Dermatological disorders (DDs) have a significant global public health impact, among the top 10 global diseases [1,2,3]. The most common prevalent skin disorders include acne, atopic dermatitis (eczema), psoriasis, rosacea, skin cancers, vitiligo, herpes zoster, sunburn, tinea pedis, melasma, and contact dermatitis [3].

Most of DDs are chronic and significantly reduce HRQoL among its patients [4]. This disorders are the fourth leading cause of non-fatal diseases, accounting for approximately 1.79% of total disease in the 2013 global burden report [5]. If DDs are not treated properly, several complications can occur [6]. In studies conducted in the United Kingdom [4] and Malaysia [7], the major complications of DDs and their impact on the physical, social, and psychological aspects of a patient’s HRQoL were reported. To accurately determine the impact of burden of skin disease, the patients’ HRQoL must also be considered [8].
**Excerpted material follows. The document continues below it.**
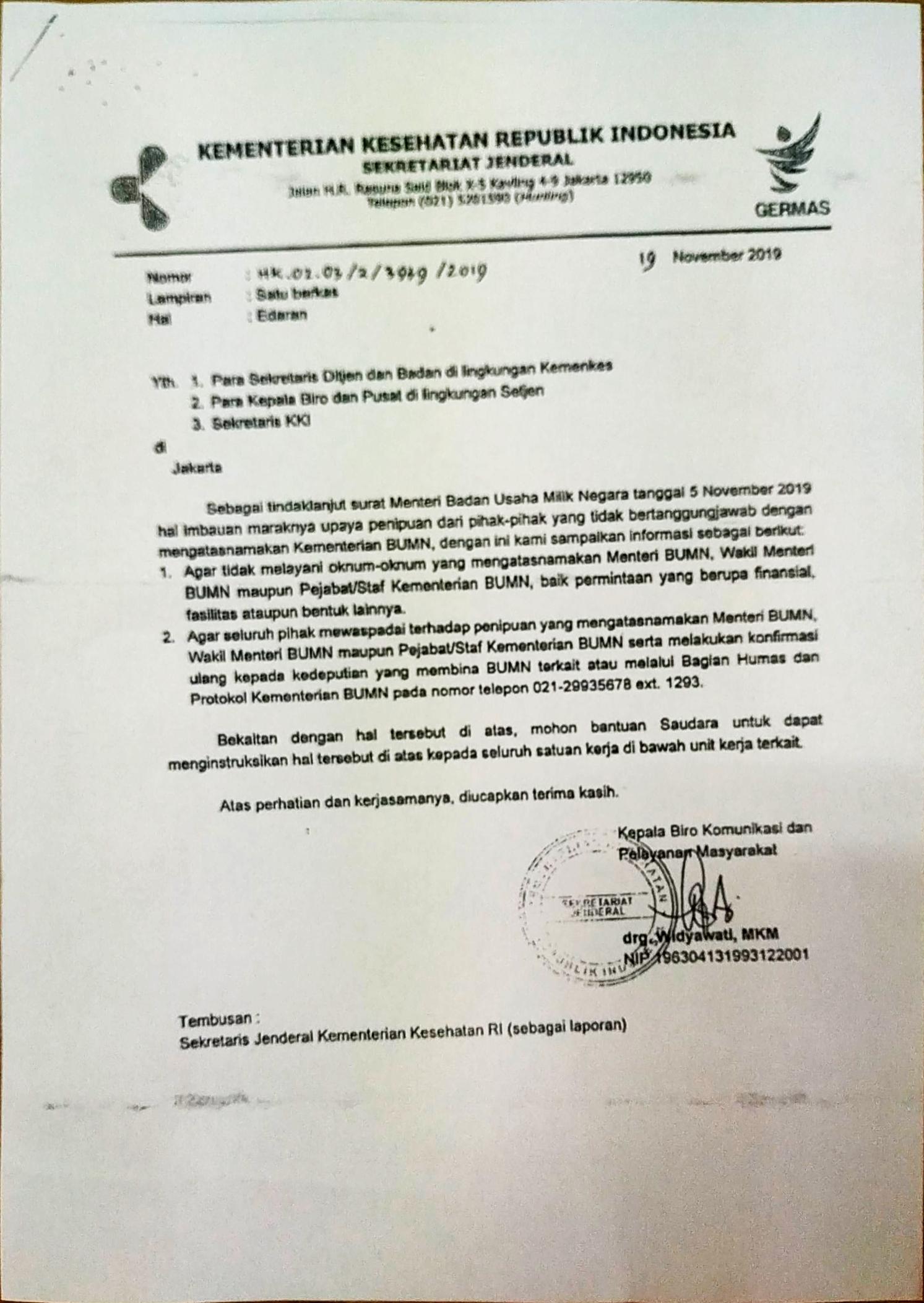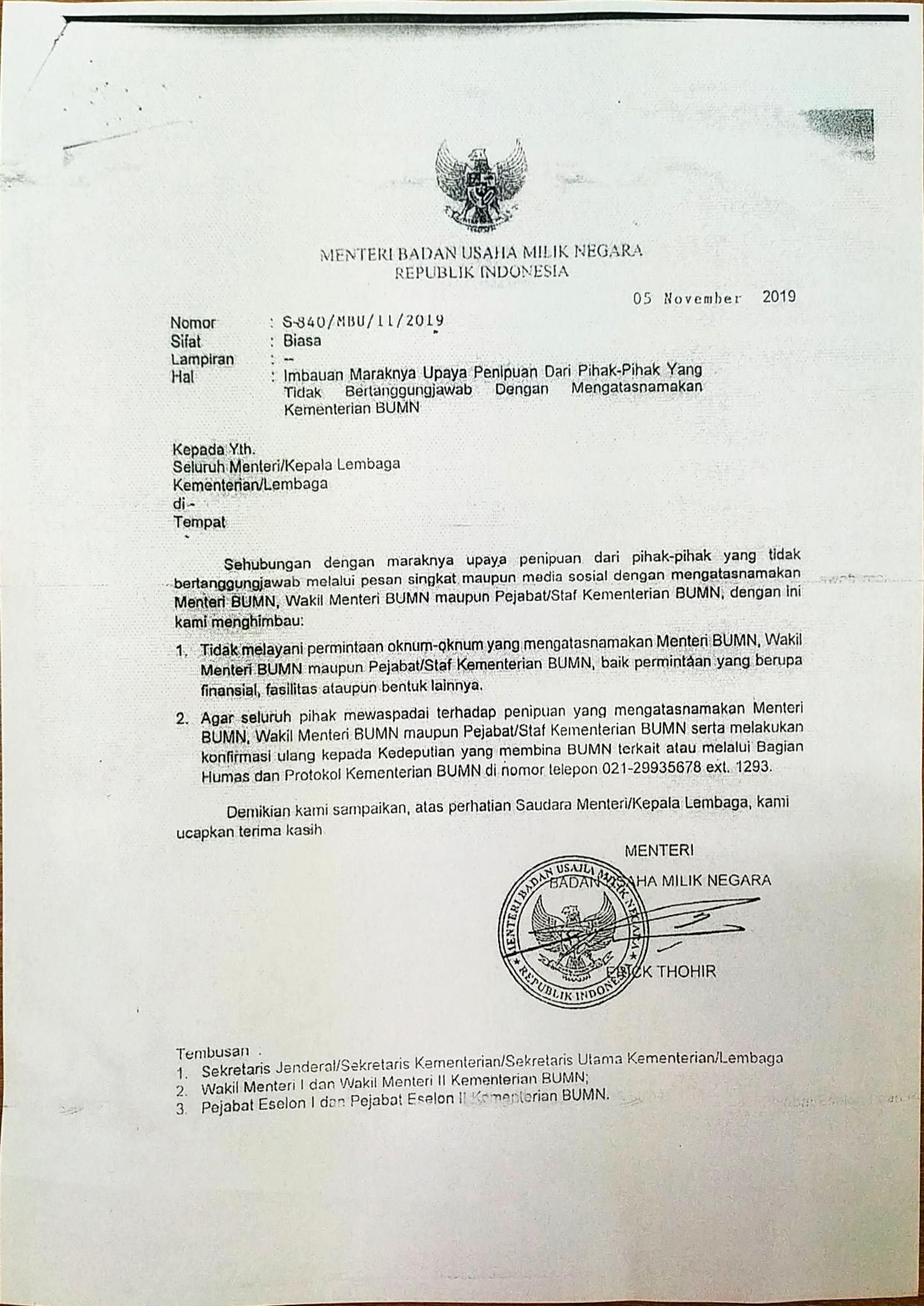 1. Imbauan dari Menteri BUMN RI tentang Maraknya Upaya Penipuan Mengatasnakaman Kementerian BUMN

Skin diseases have a negative impact on HRQoL. Various studies reported a negative impact of skin disorders including psoriasis, acne vulgaris, cutaneous lupus erythematous, alopecia areata, urticaria, and vitiligo on HRQoL [9,10,11,12,13,14]. A number of variables have been linked to the HRQoL of patients with a specific skin condition. For example, psoriasis patients’ HRQoL is associated with their age, employment status, marital status, disease duration, and self-reported severity [14]. The HRQoL of patients with cutaneous lupus erythematous is influenced by their gender, age, generalized disease, distribution of lesions, and severity [10]. Another study also disclosed that a correlation between low HRQoL and sex, education, income, the presence of systemic lupus erythematous, and disease severity of patients living with DDs [13]. Moreover, socioeconomic factors including large joint families, use of impure water, low education status and exchange of footwear with patients are the major contributing factors. The incidence rate of skin disorders is high due to these factors in resource-limited countries [5].

Despite the fact that they are classified as chronic diseases and among the top four most common diseases affecting the world population [15], the impact of skin disorders is widely underestimated. The direct and indirect cost of treating skin diseases in the United States was 75 and 11 billion US dollars (USD), respectively [5].
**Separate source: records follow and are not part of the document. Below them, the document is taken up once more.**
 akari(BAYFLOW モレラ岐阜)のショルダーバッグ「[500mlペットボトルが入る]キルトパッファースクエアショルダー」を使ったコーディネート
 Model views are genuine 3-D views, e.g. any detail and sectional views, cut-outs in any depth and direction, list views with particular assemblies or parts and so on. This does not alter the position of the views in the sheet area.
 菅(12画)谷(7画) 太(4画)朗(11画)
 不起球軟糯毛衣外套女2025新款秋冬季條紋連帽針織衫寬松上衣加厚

Dermatological disorders such as vitiligo and psoriasis affect majority of people of all races. Extensive affected skin may result in social withdrawal, low personal relationships, embarrassment in sexual function, stigmatization, distress, anxiety, and difficulty finding work, all of which can lead to depression and quality of life impairments. Despite significant dermatologic complications and their association with poor HRQoL, no study has used an EQ-5D-5 L to assess health-related quality of life and associated factors in patients with DDs in Ethiopia. The European Quality of Life Group developed the EQ-5D-5 L, a generic, multi-attribute, utility-based health status tool that has recently been advocated to assess patients’ self-reported experiences and perceptions about their health status [16]. Mobility, self-care, daily activities, pain or discomfort, and anxiety or depressive symptoms are the five components of this tool [17]. As a result, this is the first study to use the EQ-5D-5 L to assess HRQoL in patients with DDs. Furthermore, a better understanding of these variables and the establishment of a utility value may improve intervention design and evaluation, as well as the integration of HRQoLassessment during patient care and decision-making.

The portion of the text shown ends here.